One of the girls gazed at the model with what appeared to be skills of observation beyond her years. There was no need for the admonition: "Don't touch anything!" In fact, I would have considered it an insult. Both sisters displayed incredible respect for the work taking place before them. Though the first girl was quite conversant in literature (how many kids can use the words 'Utopian' and 'Distopian' in their conversation); Homeschoolers? Perhaps, but I didn't ask. Tolkien, Lewis and Rowling were better topics for conversation. The girls had clearly been raised to treasure literature and thought. That they lingered when a really fun moment awaited them through the next doorway spoke volumes to me. Young people (and I have been priviledged to work with the best in our studio) want to see vision and deserve to be shown our best efforts at it.
Most of my life has been spent in the field of visualization. It has involved constructing hundreds of little models of proposed projects, the drawing and painting of innumerable renderings and as the economy recently crumbled, some really interesting publishing projects. Vision is as essential to the soul as food is to the body, so, as S. Truitt Cathy says: "Make it good!" It is in our blood. It is a part of our history.
Michigan at the turn of the Century was poised to become a center of vision and innovation. My own ancestors fled Bavaria in 1870 as Otto von Bismark 'unified' Germany. They came to the American Northwest to settle in that cold land, finding employment on the growing railroad. The men set out first, seeking their fortunes, and saved their money to bring their ladies to the New World. When Oma arrived, she quickly decided she didn't like the boys working on Sunday, so they found work in Bay City's growing sawmill industry. Eventually Bay City would become known for pre-manufactured houses as Aladdin Homes and Lewis Homes would enter the market that Sears Roebuck is most famous for.

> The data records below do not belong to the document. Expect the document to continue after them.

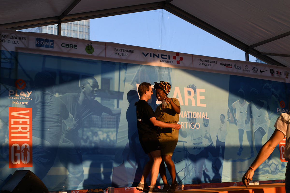 Le jeudi 24 mai 2018, à Paris La course VertiGo a pris ses quartiers pour la sixième édition à la TOUR FIRST, au cœur du quartier d’affaires de La Défense. La course Vertigo est 100% solidaire, les participations sont reversées intégralement à l’ONG PLAY International. Un défi sportif pour soutenir PLAY International qui se charge de développer des programmes d’éducation par le sport en France (dont Mayotte), au Burundi, au Kosovo, au Royaume-Uni et en Inde. PLAY International utilise le sport pour répondre à des problématiques variées comme l’égalité́ entre fille et garçon, le handicap, la prévention des maladies sexuellement transmissibles et la préservation de l’environnement.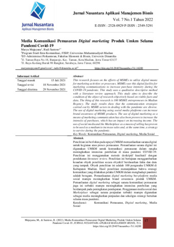 Marya, Mujayana and Rudi, Santoso (2022) Media komunikasi pemasaran digital marketing produk UMKM selama pandemi Covid-19. Jurnal Nusantara : Aplikasi Manajemen Bisnis, 1 (1): 2. pp. 17-30. ISSN 2549-5291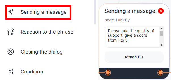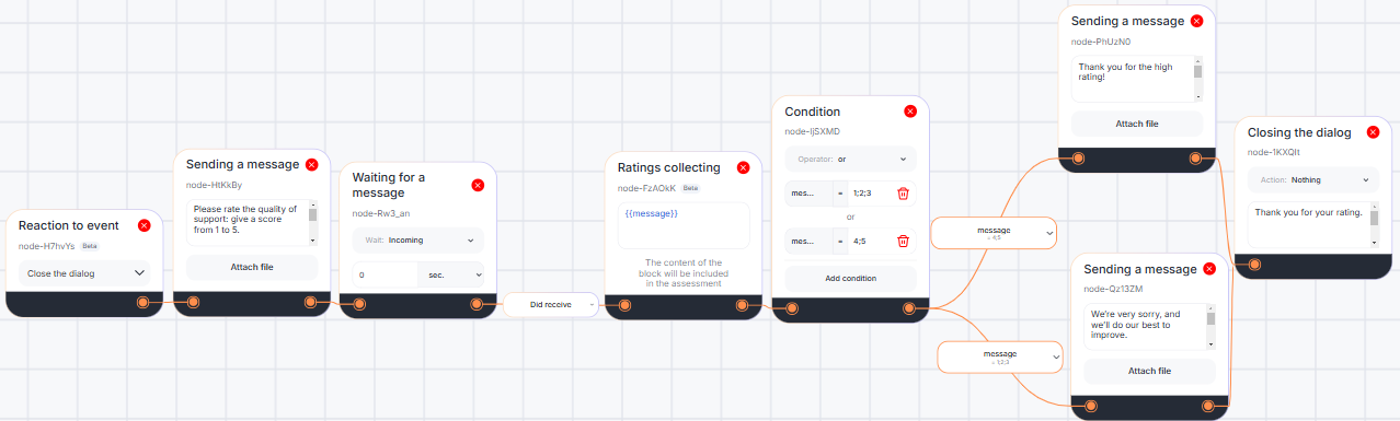 The block can be used, for instance, in a technical support scenario. After the dialog is closed, the bot will send a message to the client requesting a rating and save the result in the “Rating” field within the “Metrics” section. Depending on the given rating, an appropriate follow-up message will be sent.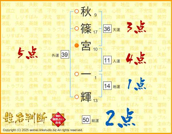 秋(9画)篠(17画)宮(10画) 一(1画)輝(13画)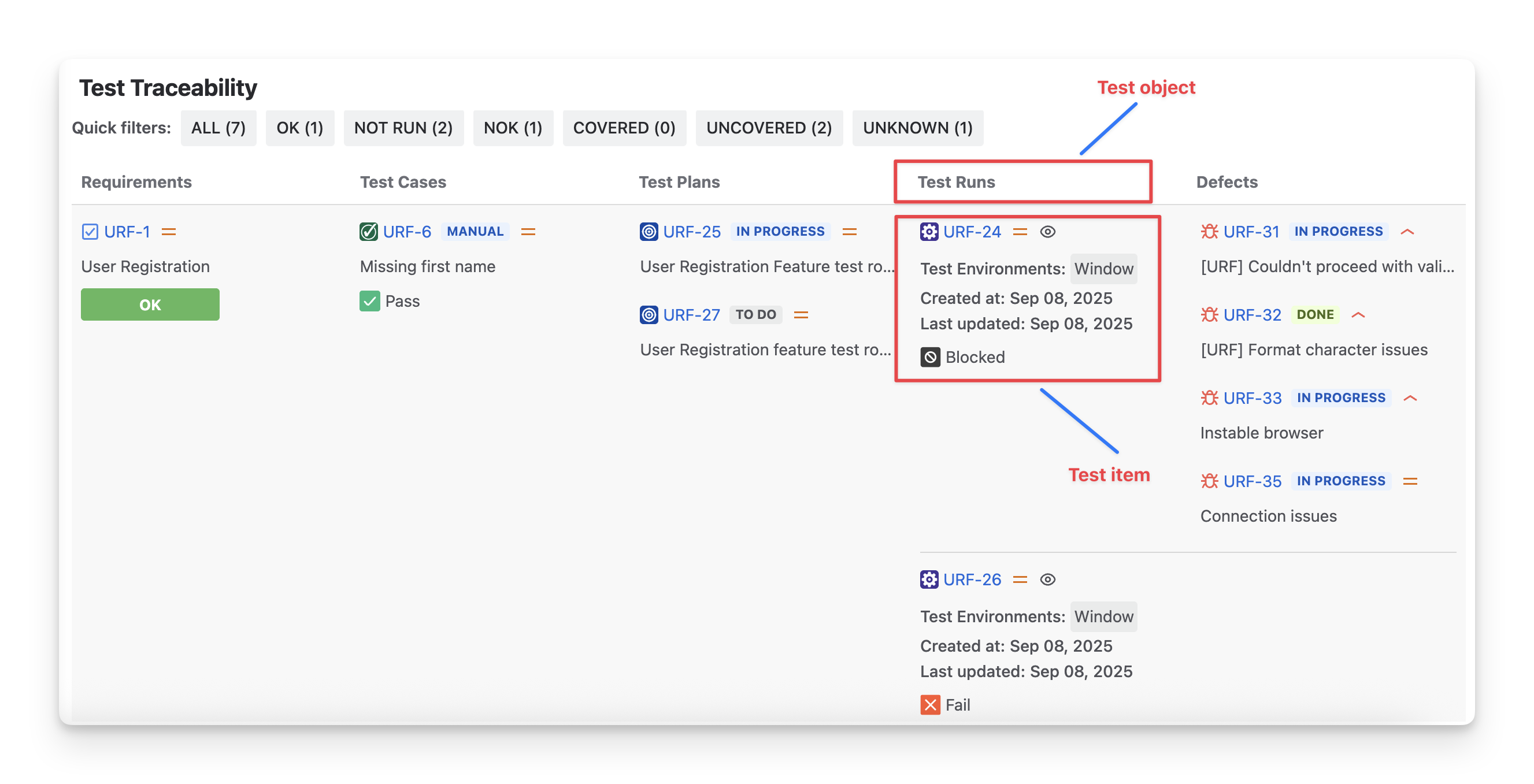 Each test object contains multiple test items, which are individual elements related to the object, such as specific test cases, test executions, or defect records.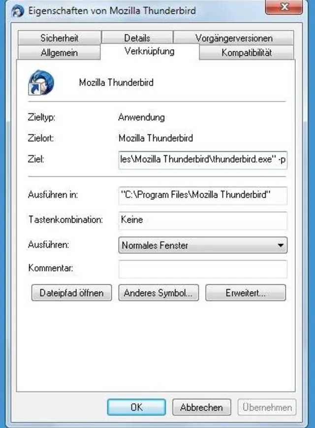 Quelle: PCtipp.chWichtig ist hierbei, dass Sie das «.exe» nicht vergessen, sonst startet Thunderbird automatisch mit dem Standardprofil.

The companies grew well into the Twentieth Century, but faltered during America's Great Depression.
Ironically it was during this same Depression, South of Bay City in Detroit, that Henry Ford's assembly line was creating an American version of the 'Industrial Revolution.' For a good portion of the Twentieth Century, Detroit was the automobile production center of the world. Across the 'glove,' in Benton Harbor, the Heath Company [click to read] began manufacturing a 'build it yourself' airplane kit. Expanding into consumer electronics, Heath offered a whole range of kits for enthusiasts who wanted to build their own radios and electronic devices. Heathkit became a legend as scores of people assembled and enjoyed these products. My father and I must have assembled dozens of them in my youth. My two brothers went on to become NASA engineers!
As Detroit diminished and Asian and European auto makers grew, one of my uncles worked for John Portman creating the great towers of Detroit's Renaissance Center. Today those gleaming towers preside over a city in decline. As Japanese and Korean companies remade the assembly line, Detroit's 'Big Three' were hobbled by antiquated methodology and union work rules. They had operated without fear of competition for so long that they came too late to the world of robotics and subcompact cars.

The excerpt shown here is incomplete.